_Instructions for the task:_
Please return every record exactly as written, leaving out the pictures.

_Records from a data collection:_
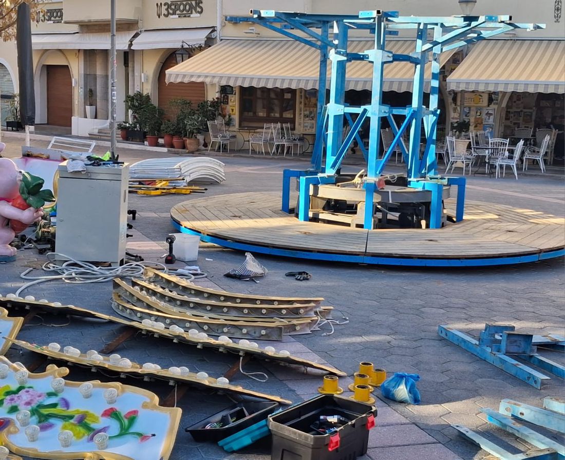 Σε εξέλιξη βρίσκονται οι εργασίες για την τοποθέτηση του Καρουζέλ στην Πλατεία Καζούλη.
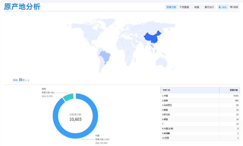 例如,利用【EVO视讯 EVO真人外贸通SaaS平台】查看家具产品的进出口贸易记录,EVO视讯 EVO真人可以比较不同国家/地区的贸易量和贸易额,分析市场的进口和出口情况。
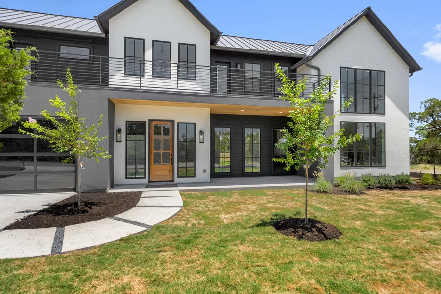Modern Farmhouse Design- New construction in South Jonestown Hills includes views of Lake Travis and the Hill Country. Master on the main level with two walk-in closets with dressing area. The kitchen has a large working pantry, a central island with quartz waterfall countertop.
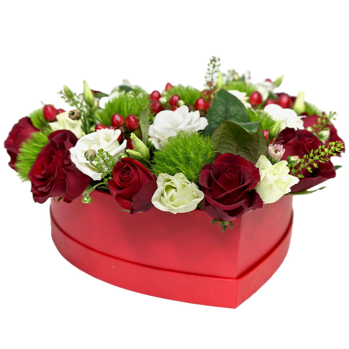 Роза одноголовая красная, роза кустовая белая, гиперикум, тласпи. Упаковка (шляпная коробка, квадратный бокс, коробка сердце, оазис)
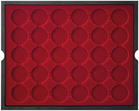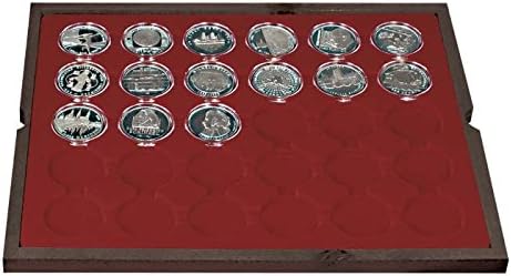 Cassetta in vero legno con 4 vassoi e inserti per monete rosso scuro, ciascuno con 30 rientranze rotonde. Gli inserti per monete sono ricoperti da un fiocco di velluto di alta qualità. Formato: 323 x 265 x 61 mm. PRODOTTO IN GERMANIA. Adatto per capsule per monete con diametro esterno di 39 mm, ad es. per monete d'argento tedesche da 20 Euro/10 Euro in capsule portamonete LINDNER (articolo n. 2250325P).
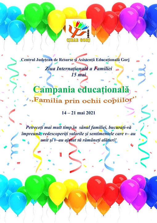 Centrul Județean de Resurse și Asistență Educațională Gorj va marca Ziua Internațională a Familiei printr-o serie de activități ce se vor desfășura în perioada 14-21 mai. ”Dorind să marcheze această zi, CJRAE Gorj a conceput o serie de activităţi care se vor desfăşura în perioada 14 – 21 mai, menite să conştientizeze participanţii cu privire la valorile familiei, la necesitatea creşterii într–un mediu familial sănătos, la importanţa şi valoarea familiei contemporane. Cu ocazia acestui eveniment, echipa C.J.R.A.E. Gorj va desfăşura campania ”Familia prin ochii copiilor” care are ca scop dezvoltarea unor relaţii de familie sănătoase şi armonioase, combaterea violenţei în familie, promovarea dragostei, respectului, echităţii în asumarea responsabilităţilor ca valori supreme care stau la baza familiei”, au anunțat reprezentanții CJRAE Gorj.
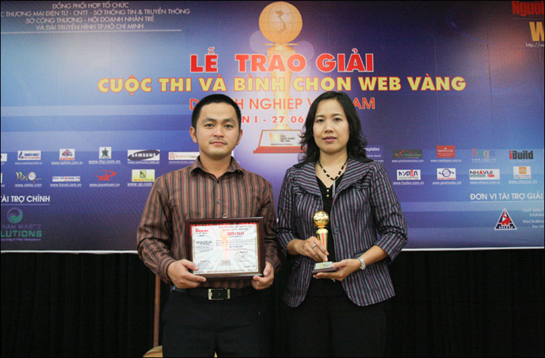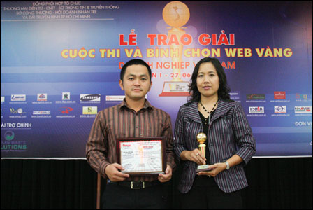 Ms Pham Thi Kim Tuyet Loan - General Manager of Vietnam Telephone Directory and Yellow Pages 2 Joint Stock Company and Mr Pham Ngoc Phuc, Director of Multimedia Yellow Pages Services Center at the ceremony
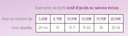 Pa exemple, si vous appelez 24 minutes, vous allez payer 4.38€ (24 X 0.12 cts = 2.88€ + 1.50€ = 4.38€).
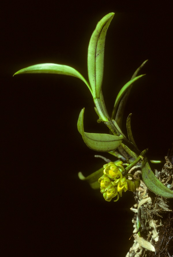 Found in the Chinese Himalayas, Assam, Bangladesh, eastern Himalayas, Bhutan and Nepal in dense forests on tree trunks at elevations of 1300 to 2300 meters as a miniature to small sized, cool to cold growing epiphyte with an arching terete, slender many noded stem carrying a few to several, distichous, narrowly lanceolate to oblique-oblong, acute to slightly praemorse leaves that blooms in the spring through early summer on an arching, 2.8 to 4" [7 to 10 cm] long, densely many flowered inflorescence with ovate floral bracts and slightly fleshy flowers that do not open well

_Answer:_
 Σε εξέλιξη βρίσκονται οι εργασίες για την τοποθέτηση του Καρουζέλ στην Πλατεία Καζούλη.
 例如,利用【EVO视讯 EVO真人外贸通SaaS平台】查看家具产品的进出口贸易记录,EVO视讯 EVO真人可以比较不同国家/地区的贸易量和贸易额,分析市场的进口和出口情况。
Modern Farmhouse Design- New construction in South Jonestown Hills includes views of Lake Travis and the Hill Country. Master on the main level with two walk-in closets with dressing area. The kitchen has a large working pantry, a central island with quartz waterfall countertop.
 Роза одноголовая красная, роза кустовая белая, гиперикум, тласпи. Упаковка (шляпная коробка, квадратный бокс, коробка сердце, оазис)
 Cassetta in vero legno con 4 vassoi e inserti per monete rosso scuro, ciascuno con 30 rientranze rotonde. Gli inserti per monete sono ricoperti da un fiocco di velluto di alta qualità. Formato: 323 x 265 x 61 mm. PRODOTTO IN GERMANIA. Adatto per capsule per monete con diametro esterno di 39 mm, ad es. per monete d'argento tedesche da 20 Euro/10 Euro in capsule portamonete LINDNER (articolo n. 2250325P).
 Centrul Județean de Resurse și Asistență Educațională Gorj va marca Ziua Internațională a Familiei printr-o serie de activități ce se vor desfășura în perioada 14-21 mai. ”Dorind să marcheze această zi, CJRAE Gorj a conceput o serie de activităţi care se vor desfăşura în perioada 14 – 21 mai, menite să conştientizeze participanţii cu privire la valorile familiei, la necesitatea creşterii într–un mediu familial sănătos, la importanţa şi valoarea familiei contemporane. Cu ocazia acestui eveniment, echipa C.J.R.A.E. Gorj va desfăşura campania ”Familia prin ochii copiilor” care are ca scop dezvoltarea unor relaţii de familie sănătoase şi armonioase, combaterea violenţei în familie, promovarea dragostei, respectului, echităţii în asumarea responsabilităţilor ca valori supreme care stau la baza familiei”, au anunțat reprezentanții CJRAE Gorj.
 Ms Pham Thi Kim Tuyet Loan - General Manager of Vietnam Telephone Directory and Yellow Pages 2 Joint Stock Company and Mr Pham Ngoc Phuc, Director of Multimedia Yellow Pages Services Center at the ceremony
 Pa exemple, si vous appelez 24 minutes, vous allez payer 4.38€ (24 X 0.12 cts = 2.88€ + 1.50€ = 4.38€).
 Found in the Chinese Himalayas, Assam, Bangladesh, eastern Himalayas, Bhutan and Nepal in dense forests on tree trunks at elevations of 1300 to 2300 meters as a miniature to small sized, cool to cold growing epiphyte with an arching terete, slender many noded stem carrying a few to several, distichous, narrowly lanceolate to oblique-oblong, acute to slightly praemorse leaves that blooms in the spring through early summer on an arching, 2.8 to 4" [7 to 10 cm] long, densely many flowered inflorescence with ovate floral bracts and slightly fleshy flowers that do not open well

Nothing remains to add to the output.